For instance, when the $$x$$ is equal to 0, the true value of $$y$$ based on the model would be 0.094. However, when we fit a linear model to 10 different datasets with the underlying true model, the average predicted value was -.107 with a standard deviation of 0.047 across ten replications. Similarly, when the $$x$$ is equal to 0.316, the true value of $$y$$ based on the model would be 0, but the average prediction was 0.059 with a standard deviation of 0.032 across ten replications.

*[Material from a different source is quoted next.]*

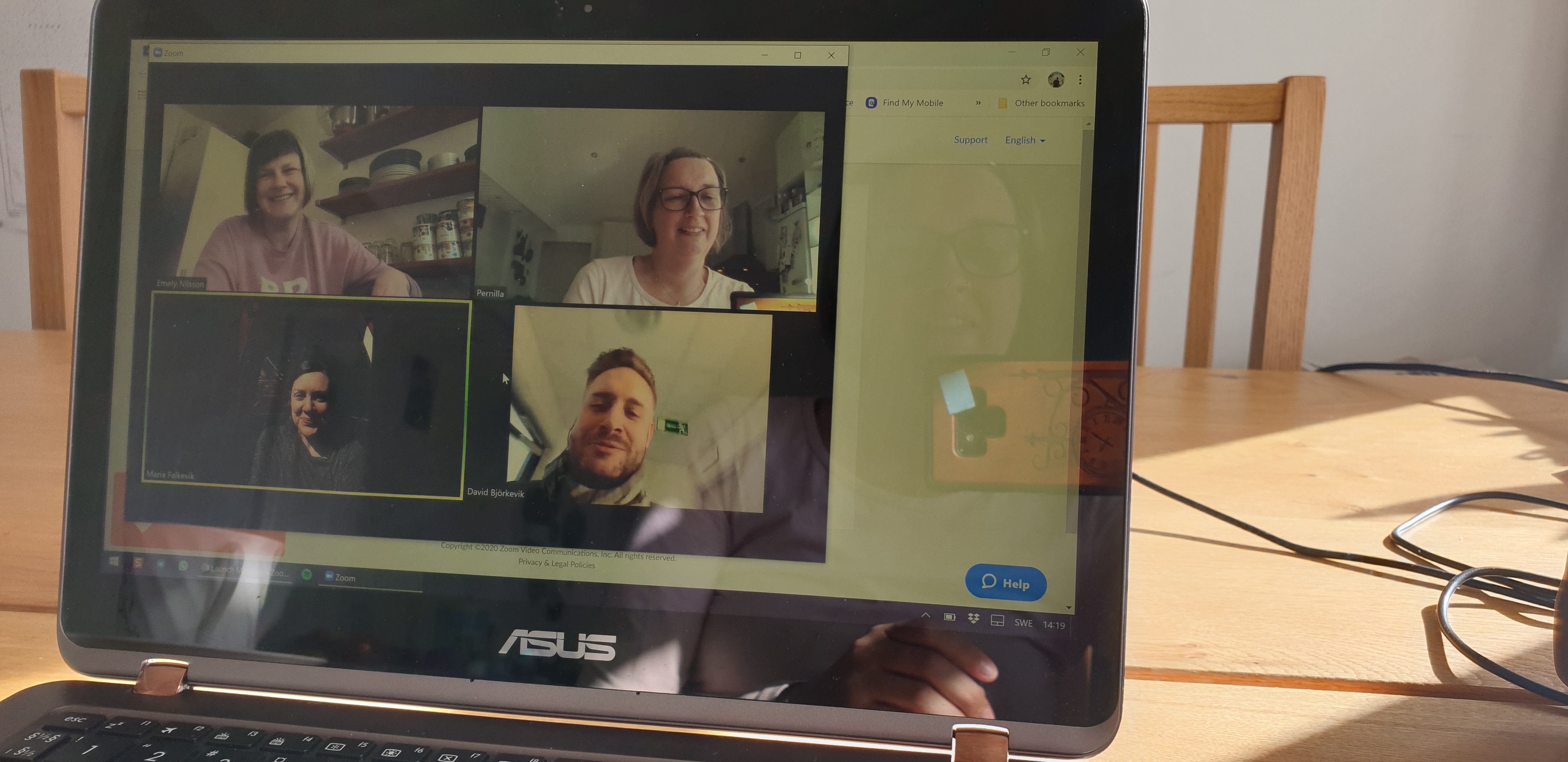 Vi har börjat ha nätfika kl 14 varje dag. Alla som vill vara med loggar in i mötesverktyget Zoom och så fikar vi en stund, snackar skit och umgås en stund tills folk droppar av till möten eller annat man gör på jobbet – även om jobbet är hemma i ens eget kök…
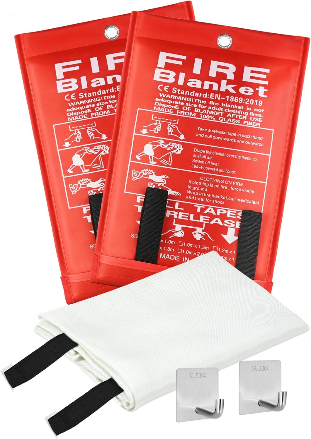 High-Temperature Resistant Fireproof Blanket: Crafted from multiple layers of high-density fire-resistant fiberglass fabric, this fire safety blanket withstands temperatures up to 1076°F (580°C). Quickly isolates oxygen to smother flames. Non-toxic, mess-free, and safe for indoor use — perfect as a home fire safety product.

A linear model provides biased estimates such that there is an underestimation at the lower values of $$x$$ and higher values of $$x$$. At the same time, there is an overestimation in the middle of the range of $$x$$.

Let’s do the same experiment by fitting a more complex 6th-degree polynomial to the same datasets with the same underlying true model.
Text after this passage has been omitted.